Inheritance in Switzerland: why the law is not always enough to protect those who really matter

In Switzerland, many people believe that inheritance is a settled matter.
The law does indeed provide a specific framework, intended to organize the transfer of assets in a fair manner.

But as soon as the family situation deviates from the norm, this framework quickly reveals its limitations.
Understanding what inheritance law in Switzerland provides for—and, above all, what it does not provide for—is often the first step in avoiding unwanted decisions.

What do we mean when we talk about inheritance in Switzerland?

Inheritance in Switzerland defines how assets are transferred upon death.
It is based on clear rules: legal heirs, reserved shares, disposable portions.

This framework has one virtue: it provides security.
But it is also standardized. It does not always take into account contemporary family realities: blended families, unmarried partners, multiple life paths, emotional ties that do not correspond to traditional legal categories.

Situations not always covered by Swiss inheritance law

Blended families

When there are children from different unions, the law applies mechanical rules.
These rules can lead to distributions that do not reflect the actual intentions of the deceased or the desired family balance.

Unmarried partners

In Switzerland, an unmarried partner is not, in principle, recognized as a legal heir.
Even after many years of living together, they may find themselves without inheritance protection if no measures have been taken.

Emotional ties not recognized by law

Stepchildren raised as their own, foster children, romantic partners:
these bonds, which are essential on a human level, do not always exist in the eyes of Swiss inheritance law.

When the law does not reflect reality

It was by analyzing my own situation that I fully realized these limitations.
Divorced twice, in a relationship with an unmarried partner, father of two biological children and father to a foster child, I quickly realized that, legally, only part of my family reality was recognized.

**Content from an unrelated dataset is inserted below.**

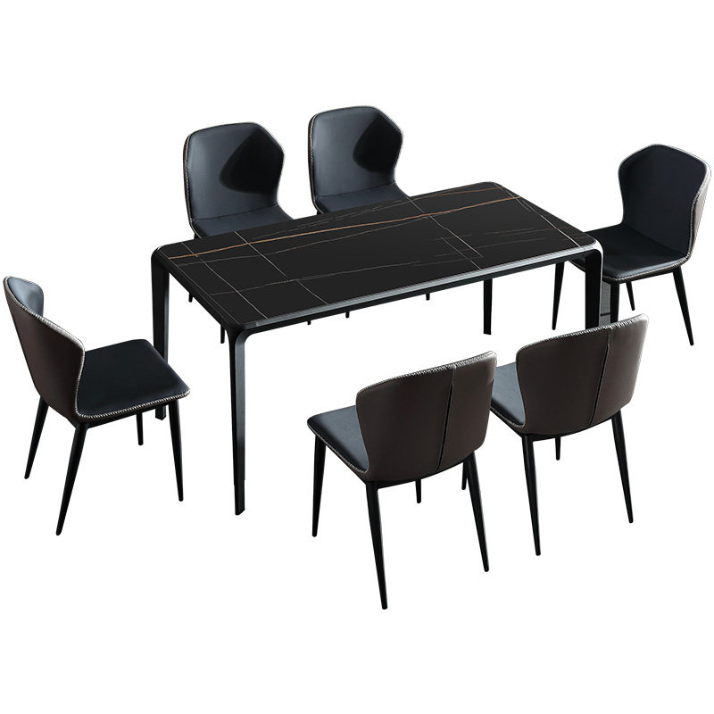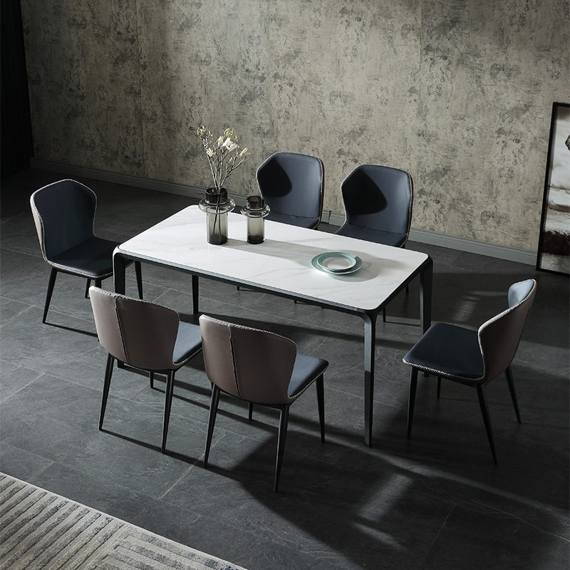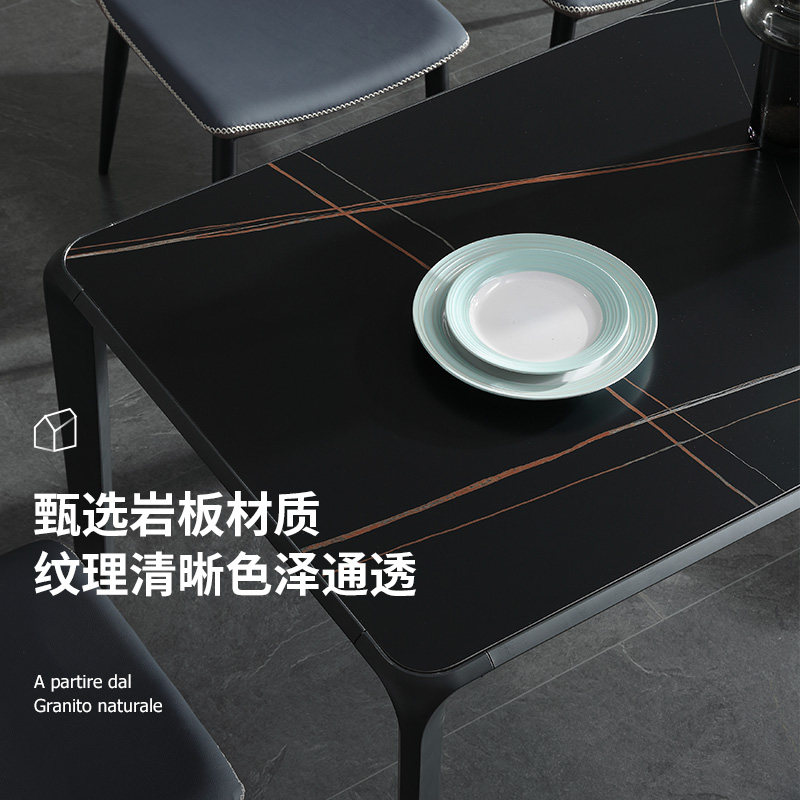 Italian light luxury dining table small apartment rectangular rock slab table one table six chairs dining table and chair combination dining table household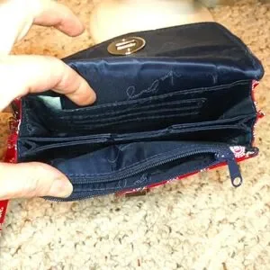 EUC Very lightly used, vintage petite turnlock wallet in a red, white and navy paisley bandana print, from Vera Bradley. Wallet has clip on wrist strap, signature navy lining, four pockets with three card pockets, and large zippered coin pocket. Please see all photos.

Without careful consideration, certain people who are essential to my life would have been completely excluded from my estate.
Other questions also arose: what would happen to what I left to my partner if she died afterwards? How could I prevent this inheritance from leaving my family line?

These questions are neither theoretical nor marginal. They concern many families in Switzerland today.

How can we approach inheritance in Switzerland with greater peace of mind?

The good news is that Swiss law offers many options for planning.
But you still need to know about them, understand them, and articulate them coherently.

Approaching inheritance with peace of mind requires, in particular:

  • clarifying your actual family situation, beyond legal categories,
  • identifying what you want to pass on and to whom,
  • understanding the existing legal tools,
  • and structuring everything within a solid legal framework that complies with Swiss law.

Conclusion

Inheritance in Switzerland is not just a matter of rules and percentages.
It is a deeply personal reflection that touches on family, relationships, and continuity.

Taking the time to understand inheritance rules and their limitations allows you to avoid making decisions under duress — and to build a transfer that is faithful to what really matters.